黎斗を倒せという衝動が今は彼女を動かすが、どうやってか、と言われれば曖昧なイメージしか出てこなかった。
『何かあったなら、私の元へ来るといい』
「──」
そして、曖昧なイメージの中でそんな声を聞いた。昨日聞いたばかりの声だった。
───
黎斗神に連れられて、CRにいた面々は地下駐車場にやって来た。数日前に飛彩がジャンヌと共にゲンムのセイバーとキャスターを迎え撃った場所だ。既にここは真黎斗の支配下にあったが、特に何かが動いているということもなかった。
黎斗神はその片隅へとまっすぐ進み、そこにあった黒塗りの貨物車、所謂バンと呼ばれる車に手をかけた。この車だけ、何故か真黎斗からのテクスチャの支配がかかっていなかった。
「……何これ」
「現実の車を弄るのは初めてだったが、私の神の才能に限界はなかった」
そう言いながら彼は車の鍵を開け、助手席に座り、穴の開いたパソコンをカーナビに接続する。それと共に彼は車のエンジンを起動した。
「というわけで、ここをキャンプ地とする」
「え?」
「は?」
「あ?」
全員がその口をあんぐりと開けた。何を言っているんだ、こいつは。
「そもそも何処で買ったのよこれ!?」
「元々持っていた車だ。殆ど運転することはなかったがな。それをかつて改造した。もしもの時に備えてな」
飄々と言う黎斗神。彼がカーナビを軽く弄るだけで、後部座席のドアも開き、椅子と簡易なテーブルが顔を出した。黎斗神はそれをドヤ顔で確認し、親指で座席を指し示す。
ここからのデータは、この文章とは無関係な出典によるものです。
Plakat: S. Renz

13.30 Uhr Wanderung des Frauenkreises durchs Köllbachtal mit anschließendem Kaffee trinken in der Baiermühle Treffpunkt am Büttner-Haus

貴利矢は物珍しそうに眺めていたが、安全なのは確かだとは察していた。
「残念ながら乗れる人数は本来よりは少ないがな。キャスター、ライダー、乗れ。後はどうする。どちらにせよポッピーは残るだろう?」
「俺も残る。ここは空けられない」
……結局、パラドとポッピーとBBが残り、運転席にマルタが、後部座席にメディア・リリィと貴利矢が座ることとなった。全員がシートベルトを締め、マルタがハンドルを握る。
「ライダー、運転は出来るな?」
「当然よ」
「そのカーナビは、ゲームエリアの薄い部分を自動的に探し当てる。そこに移動しろ。そこなら、私が介入せずとも侵食を避けられる」
そして、エンジンがかけられた。バンは動きだし、ポッピーとパラドとBBを残して駐車場から飛び出していく。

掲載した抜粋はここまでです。